He first presented the "in situ" debugging approach, where the kernel is deployed and tested directly on the development machine. An example of this would be loading a module under development directly into the kernel that the computer is running. There are two dimensions to considering such an approach. As one can imagine, an unstable or broken module can crash the machine and result in lost work. Furthermore, such a crash seriously disrupts the development workflow, because the computer has to reboot and the session must be restored. The second dimension concerns debugging the kernel; as Hajnoczi pointed out: "KGDB and Kdump cannot be 100% reliable since they share the environment" (i.e. because they are part of the potentially broken system).

The "ex situ" debugging approach requires an additional machine. In a way, he argued, it is better than the previous approach because the test machine can crash without bringing down the development environment with it. However, deploying the kernel and running tests is more cumbersome. In the most commonly encountered setup, the test machine boots over the network via PXE (Pre-boot eXecution Environment). Right after being powered on, the test machine obtains an IP address via DHCP from a PXE server and downloads the binary image it is supposed to boot using TFTP (Trivial FTP). It thus involves this special PXE environment to be installed and set up, most likely on the development machine, which is not necessarily easy.

In terms of debugging, it is possible to connect the development machine to the KGDB infrastructure of the kernel running on the test machine via a serial connection. Collecting crash dumps from the test machine and examining them later on the development machine is also possible. However, these software tools cannot inspect and debug everything, especially when it comes to the interaction between the kernel and the various hardware components (or to debug the early boot code that runs before KGDB is up and running). In such cases, debugging may require complex on-chip instrumentation, such as JTAG. It is also worth mentioning that a test machine is another computer to take care of and probably not one that travels well, making this type of debugging even less practical.

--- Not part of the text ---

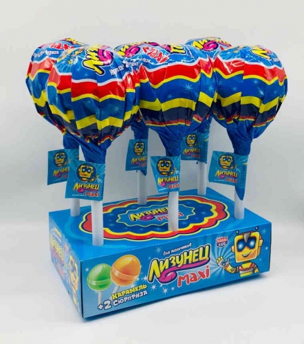 В нашем интернет-магазине Вы можете купить "Карамель на палочке с жевательной резинкой и подарком Лизунец MAXI (для мальчика) 125 гр" по низкой оптовой цене с быстрой и удобной доставкой в г.Красноярск (Красноярский край). Мы предлагаем широкий ассортимент импортных сладостей и напитков от проверенных поставщиков и реализуем продукцию во всех регионах РФ.

As Hajnoczi noted, "virtual machines are the best of both worlds." Since a virtual machine is a user-space application running on the development machine, it is easy to start and stop, and if ever the kernel running in it crashes, the development machine will not be affected. A virtual machine gives full access to the memory and processor state, and it is much more versatile than a test machine since it can emulate different processor architectures. Furthermore, the hardware in the virtual machine is fully programmable, which provides ways to easily add new or custom devices and to extensively test the corresponding software (e.g. device drivers) by using error-injection techniques.

Overview of QEMU

QEMU is a machine emulator and virtualizer. It can emulate obscure processor architectures as well as more mainstream ones (a total of 17 processor architectures are currently supported). When used as a machine emulator, typically in a cross-architecture setup (e.g. emulating an ARM-based guest system on an x86 host computer), QEMU dynamically translates the guest code into native code for fast execution on the host. When the guest and the host share the same architecture, QEMU is often able to provide near-native performance by using KVM, which allows the guest code to run directly and safely on the host processor without being translated first.

In order to provide guest access to the hardware (e.g. devices), QEMU usually catches the accesses from the guest and performs them on the host on behalf of the guest. For example, guest access to a hard disk can typically be emulated by reading or writing a file on the host computer that contains a full filesystem. For better performance, it is also possible to create a PCI or VGA pass-through, using the VFIO kernel support. The guest is then able to directly access real hardware devices without emulation. QEMU provides the ability to trace the I/O accesses in order to debug the communications between the guest and the hardware.

Booting and testing

The command line parameters for QEMU resemble those of a bootloader, making them easy to understand. For example, the following command starts a development kernel on an x86-64 guest, specifying the paths to the kernel and the initramfs image. It also shows how to append an extra kernel parameter:

    qemu-system-x86_64 \
	-kernel vmlinuz \
	-initrd initramfs.img \
	-append param1=value1

When testing a development kernel, there is often no need for a full-featured root filesystem and, as Hajnoczi explained, initramfs is perfect for containing small test applications and loadable kernel modules. An initramfs image is built using gen_init_cpio, a tool already included in the Linux source tree. The content of such an image is specified by a simple description file that defines which files, directories, device nodes, and symbolic links should be part of the filesystem image. The following example shows how to build a basic initramfs image:

    $ cat initramfs_desc
    file    /init           my-init.sh    0755 0 0
    dir     /bin                          0755 0 0
    nod     /dev/zero                     0666 0 0 c 1 5
    file    /sbin/busybox   /sbin/busybox 0755 0 0
    slink   /bin/sh         /sbin/busybox 0755 0 0

    $ gen_init_cpio initramfs_desc | gzip > initramfs.img

For this kind of initramfs image, the tests would be kicked off directly from the /init executable, which is the first user process launched by the kernel after booting. Here, the image uses BusyBox, which is a simple toolbox application that provides a large set of basic commands (such as a shell) and thus lowers the complexity of building this initial root filesystem image. Finally, Hajnoczi added, the initramfs can even be inserted into the kernel image, making the deployment even easier.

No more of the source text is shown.